Riley is absolutely gorgeous . He looks like my cockapoo Pippa and she is also the same age as Riley.


----------



## Rosie's dad (Nov 27, 2011)

He is a handsome boy.
love pic 1 keep them coming)


A dog is for life!!!


----------



## Kitty4 (Nov 10, 2011)

Hes gorgeous , beautiful colour how much does he weigh, and whats his height?


----------



## Ali79 (Mar 30, 2011)

Riley is gorgeous - such a handsome pup


----------



## mandym (Jun 5, 2011)

He is gorgeous,what a stunner!! xxx


----------



## Rileypoo (Dec 1, 2011)

Thank you all. Riley is 6.1kg and is approx 12-13" high at his shoulder- couldn't get him to stand still but thereabouts, neck to tail he is about 13-14" long.
He seems to have had a bit of a growth spurt between 14-16 weeks but now slowed down again, would love to know how big he will end up as I am forever being asked!!


----------



## Rileypoo (Dec 1, 2011)

avrildunseath said:


> Riley is absolutely gorgeous . He looks like my cockapoo Pippa and she is also the same age as Riley.


Do you have any pics of Pippa on here would love to see?


----------



## karen55 (Jan 14, 2012)

He certainly a good looker...just want to plonk a kiss on that sweet nose.


----------



## avrildunseath (Oct 30, 2011)

You will see a picture of Pippa if you look at the new members section . Pippa was only about 9 weeks in the picture.
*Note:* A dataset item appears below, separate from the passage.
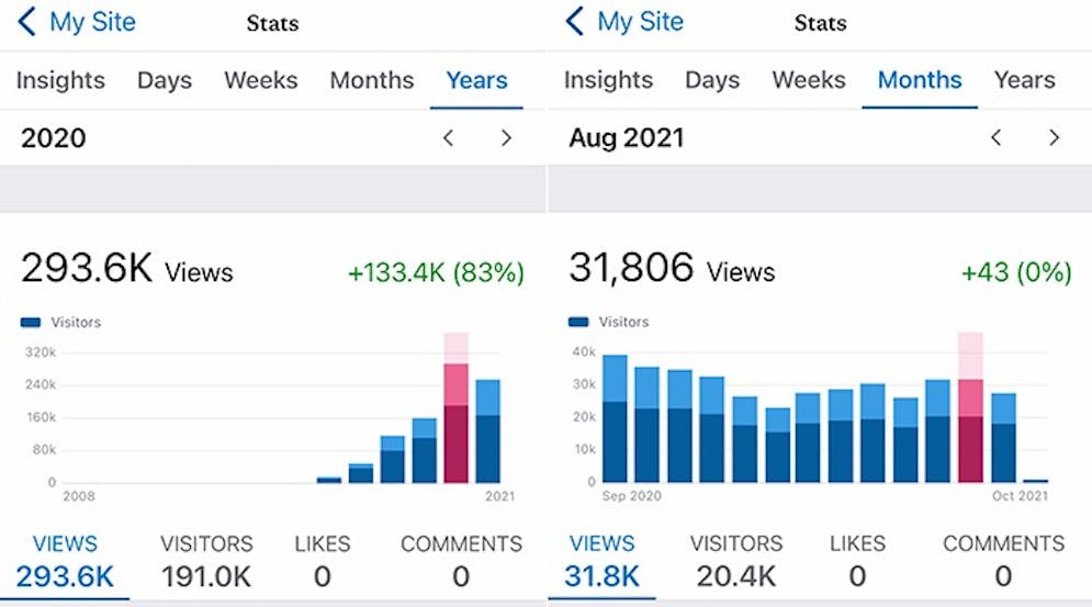 S.K.Yeo started www.SengkangToPunggol.sg in 2016 and has grown its website traffic substantially from 10K visitors(2016) to 110K visitors (2019) to 293K visitors (2021). The below website traffic chart snapshots.

I must get some more recent pictures of her . I will post some new pictures soon. Is Riley a toy cockapoo. Pippas weight and height seems very similar to Riley. I'm like you I'm very curious to know what size she will be as an adult.


----------



## Jedicrazy (Apr 26, 2011)

Riley, such a gorgeous boy! I think your pic in the Equafleece comp is my fav too.


----------



## Rileypoo (Dec 1, 2011)

I found her!! She is gorgeous!!! 
If you could post a current pic that would be great. Riley is a miniature poodle cross xx


----------



## Rileypoo (Dec 1, 2011)

Ah thank you, I think he is gorgeous but aren't they all, he is a cheeky chap but so loving and his equafleece is fantastic - so many people comment on it and my husband has finally accepted it!!


----------



## deb (Jun 23, 2011)

He's a smasher! Love him.


----------